The combined data confirms that hyperbranched core–multishell polymers can template ordered mesopores of about 4–5 nm size in TiO₂ films. Pore sizes are smaller than typically obtained with micelles of amphiphilic block-copolymers. Additional tests on the influence of relative humidity during dip-coating (see ESI Fig. S2‡) prove that the synthesis is also more robust than typical EISA syntheses. In contrast to Pluronic-templated films,²⁹ the pore morphology of CMS-templated TiO₂ did not change for relative humidities between 12 and 80%.

Controlling the thickness of pore walls

The wall thickness of a porous material is a critical parameter for its thermal stability. Mesoporous titania films with different wall thicknesses were synthesized by changing the concentrations of the CMS10 polymer template in the dip-coating solution while keeping the amount of precursor constant. Fig. 2A–F shows top-view SEM and FFT images of the respective films after calcination at 300 °C. Fig. 2G summarizes the influence of the mass ratio between CMS template and precursor on pore diameter and on the periodic distances between pores.

Fig. 2 Influence of the content of CMS10 polymer on pore size and pore spacing in TiO₂ films calcined at 300 °C. (A–F) SEM and FFT, (G) image evaluation. CMS10 content increases from left to right. Values are given as mass of template per 100 mg TiCl₄ in the dip-coating solution. (G) Plots the measured pore diameter (SEM) and regular distances (from FFT) vs. the amount of template. Increasing polymer content decreases the spacing between pores while the pore size remains almost constant.

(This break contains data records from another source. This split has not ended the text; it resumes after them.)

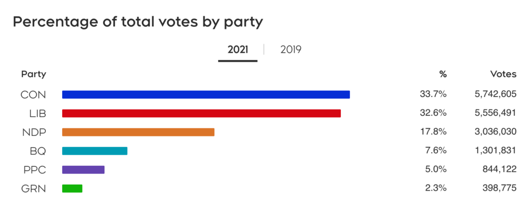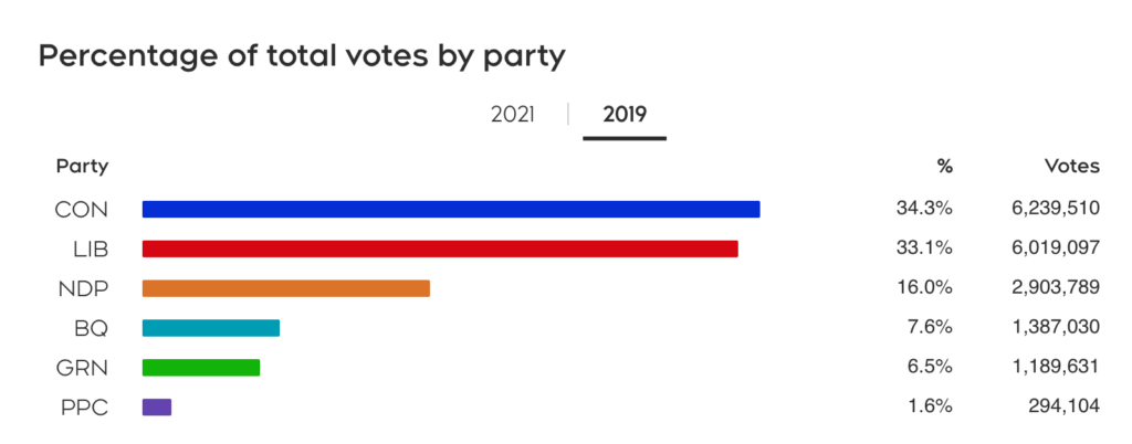 I have zero dogs in the “Trudeau-loving progressives” fight but will say that Canada’s electoral system is producing problematic outcomes from the point of view of representativeness. Specifically, in 2019 and in the 2021 elections (pending final counts) the party that won the most votes nationally did not win the most seats in parliament. Moreover, both 2019 and 2021 will require minority governments.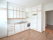- Keittiön varusteet: Jääkaappipakastin. Työtason materiaali: Laminaatti. Jääkaappi, liesi, liesituuletin, kaapistot.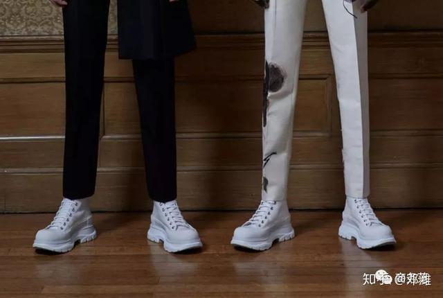 麦昆新系列中,模特穿的运动鞋也蛮工装风的,有点像和厚底登山鞋的结合。看模特演绎休闲装、西装都能搭。

Increasing concentrations of the CMS10-template result in films with similar morphologies (Fig. 2A–F). The resulting film thicknesses range from 70 nm to 95 nm. Templated mesopores with about 4 nm diameter can be observed for all concentrations. FFTs for all images indicate the preserved pore ordering. However, the pore spacing systematically changes as indicated by the changing diameter of the ring seen in the FFTs. The periodic spacing decreases monotonously from 10 nm to 6 nm with increasing polymer content, which indicates a decrease in the wall thickness of the templated pores. Hence, the developed synthesis enables for the first time for pore diameter smaller 5 nm the control of the pore-wall thickness independent of the templated mesopore size.

Controlling pore size

The control of pore size is particularly important for catalyst design. For micelle-templated films the obtained pore size can be controlled by the employed structure-directing agent. We therefore tested a second template polymer CMS5 in order to establish pore-size control in a similar fashion also for small mesopores. CMS5 features a significantly smaller hyperbranched core (5000 g mol⁻¹) than CMS10 (10 000 g mol⁻¹).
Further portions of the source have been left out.